Однако в голосе капитана Саморова звучала скорее усмешка, нежели угроза. Он сам прекрасно понимал, что то, зачем мы едем, можно скорее назвать отдыхом, чем службой. Вот уже несколько лет наша часть охраняла какой-то заброшенный, никому не нужный склад посреди тайги, на который давно было наплевать не только потенциальным нарушителям, но и Министерству обороны. А охраняли этот объект скорее по привычке, потому как здание еще не рухнуло от старости и числилось на балансе. Конечно, офицеры пытались блюсти во время охраны объекта строгость и устав, но в эти караулы солдаты рвались, как в увольнение. Где еще так выспишься и отдохнешь от строевой подготовки, полевых выездов и нарядов?

— Ладно, давайте в машину, — вздохнул капитан.

Мы полезли через борт ГАЗ-66, торопясь укрыться от солнца под его брезентовым тентом.

— Эй, Звереныш, гитару возьми! — крикнул Рыбалкин.

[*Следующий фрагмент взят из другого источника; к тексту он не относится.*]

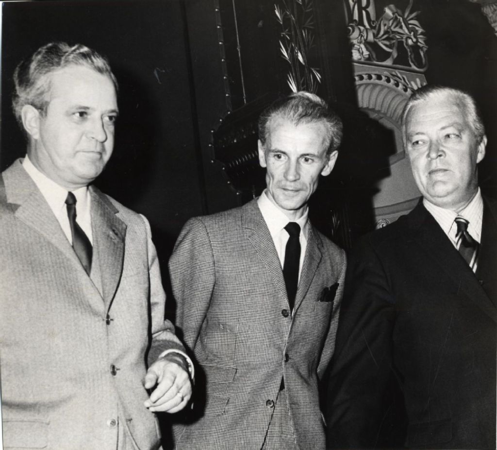 Jean-Jacques Bertrand, Jean-Noël Tremblay et Jean Lesage, [Vers 1965], Archives nationales à Québec, Fonds L'Action catholique, (03Q,P428,S3,SS1,D21,P35), Photographe non identifié.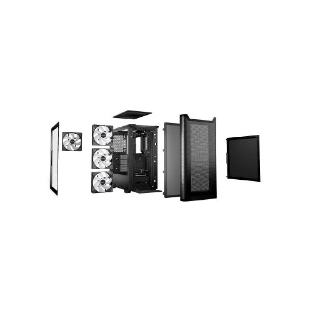 Корпус Mid Tower черного цвета, размеры 231 мм в ширину, 463 мм в высоту и 450 мм в глубину. Корпус оснащен передними выходами, включая разъемы для наушников/микрофона, USB Type-C и USB 3.2. Подсветка ARGB добавляет эстетический штрих системе. Корпус поддерживает два жестких диска размером 3,5 дюйма и пять накопителей размером 2,5 дюйма. Максимальная высота охлаждения для процессора составляет 175 мм, а продвинутый тепловой дизайн включает четыре предустановленных вентилятора Light Wings LX PWM, обеспечивающих оптимальный поток воздуха.

Я одной рукой схватился за гриф, а второй — за широкую ладонь приятеля и помог Рыбалкину перевалиться через борт. ГАЗ заурчал и тронулся. За кормой мелькнули увенчанные звездами ворота воинской части, и над машиной сомкнулись вершины могучих таежных сосен. Ехать предстояло часа полтора. Рыбалкин тут же ударил по струнам и затянул: «Сбивая черным сапогом с травы прозрачную росу, наш караул идет вперед и каждый к своему посту…» Машину затрясло на кочках — водила давил на газ, словно вез дрова, да только гитариста это не смутило. Кто-то даже попытался подпевать. Вечно спящий Шурович тут же вырубился, а вскоре некоторые последовали его примеру — из-за жары мы все стали похожи на стаю двуногих ленивцев цвета хаки. Я не спал. Сидя у борта, глядел в синее небо с уже начавшим клониться к горизонту солнцем и думал о том, что с погодой нам повезло — ночь предстоит звездная, без дождя и ветра, а значит, караул будет кайфовым.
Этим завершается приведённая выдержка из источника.